The easiest way I've found to fill the brake reservoirs and to bleed the brakes is to attach a small diameter (about 1/8 in. ID) hose to the bleed fitting on the bottom of the caliper with the other end connected to a GOOD oil pump can filled with MIL-H-5606 and pump the brake fluid up through the lines to the master cyl. Have someone inside looking at the master cylinder to let you know when it is full. I wonder if this (freezing water) might have been responsible for the brake dragging and causing the tire to catch on fire in the grumman accident mentioned recently here?

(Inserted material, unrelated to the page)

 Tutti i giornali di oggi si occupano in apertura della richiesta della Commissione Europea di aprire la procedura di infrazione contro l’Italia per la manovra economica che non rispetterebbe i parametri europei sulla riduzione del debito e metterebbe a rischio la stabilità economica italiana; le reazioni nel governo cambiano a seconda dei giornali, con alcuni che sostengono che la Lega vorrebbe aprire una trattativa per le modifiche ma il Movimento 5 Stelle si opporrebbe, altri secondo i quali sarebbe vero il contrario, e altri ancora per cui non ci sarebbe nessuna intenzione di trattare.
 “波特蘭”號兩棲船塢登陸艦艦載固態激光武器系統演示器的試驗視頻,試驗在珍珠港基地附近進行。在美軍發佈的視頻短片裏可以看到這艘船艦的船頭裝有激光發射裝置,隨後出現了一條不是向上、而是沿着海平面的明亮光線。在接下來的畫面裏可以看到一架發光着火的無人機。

The easiest way to put in brake fluid is through the bleeder fitting on the caliper. just fit a length of tygon tubing to an ordinary pump oiler filled with 5606 and pump away. This also will bleed air out of the system as well.

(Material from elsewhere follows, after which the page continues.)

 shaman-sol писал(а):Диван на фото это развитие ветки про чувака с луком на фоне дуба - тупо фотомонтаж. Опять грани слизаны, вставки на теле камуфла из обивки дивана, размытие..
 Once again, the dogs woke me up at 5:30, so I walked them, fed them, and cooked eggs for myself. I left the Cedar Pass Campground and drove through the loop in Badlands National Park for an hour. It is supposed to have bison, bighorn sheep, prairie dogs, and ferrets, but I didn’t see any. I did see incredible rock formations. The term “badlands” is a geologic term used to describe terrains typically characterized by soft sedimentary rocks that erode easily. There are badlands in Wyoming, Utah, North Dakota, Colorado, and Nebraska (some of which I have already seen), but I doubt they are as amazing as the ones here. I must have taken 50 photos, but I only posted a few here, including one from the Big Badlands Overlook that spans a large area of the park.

You could possibly get condensation in the master cylinder just like you may get in your fuel tank. And we all know that Tigers leak in the rain, water may have run down on top of the master cyliner. Check to be sure someone did not used automotive type fluid, its hydroscopic and will absorbe water from the air.
We had stainless steel disks, but they corroded around the body to disk 90 deg. angle point until you could see daylight through them. They didn't seem to last any longer than the chrome/steel ones and since they cost more we went back to stell/chrome ones.
After one year the steel/chrome ones are starting to corrode around the same place. So, if you get new ones, you might like to think about liberally coating the non-disk bits with etcher-primer before putting them on.